Take a business that sells physical goods and offers a showroom to allow the public to browse and make purchases. Do you give the general public access to the warehouse behind the showroom?
Take the warehouse behind the showroom, this place deals with order fulfillment. Couriers are given special access to controlled areas of the warehouse so that the couriers can provide their intended service to the business. Do you give the couriers access to the administrative offices above the showroom and warehouse?
Environments need to be controlled by the business that creates them, otherwise things go wrong. Poor practices by third parties in an unregulated environment can lead to disastrous consequences.
Okay how about another analogy? You rent an appartment in a block of flats. Part of your agreement with the landlord will prohibit you from accessing certain areas of the block of flats, examples such as closets storing maintenance equipment or roof cavities (lofts or attics) come to mind. You are denied access to those areas for your own good and the good of others within that block of flats, regardless of what your personal opinion on the matter may be.

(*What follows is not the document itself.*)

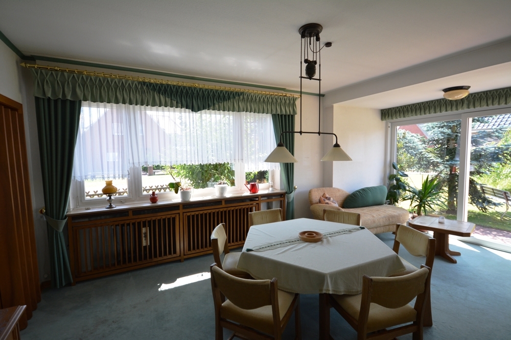 Dieses Einfamilienhaus wurde 1963 in massiver Bauweise auf einem 716 m² großen Grundstück erstellt. Das Objekt bietet ca. 160 m² Wohnfläche und ca. 66 m² Nutzfläche. Das Esszimmer ist durch den nachträglich Anbau eines Glaserkers lichtdurchflutet und bietet einen tollen Blick in den Garten.Raumaufteilung Erdgeschoss:

Some of you may feel that you have every right to explore every last bit of functionality included within the server operating systems you use. If you are one of these people, then please start making demands on all other commodities that regulate access to certain features or areas. You won't get very far, but it would be interesting to see the same peculiar logic derived from law applied to the software world becoming apparent in more common aspects of our daily lives. It is somewhat amusing to consider the consequences, and in the midst of that mirth the realisation of the implications to the software world are revealed.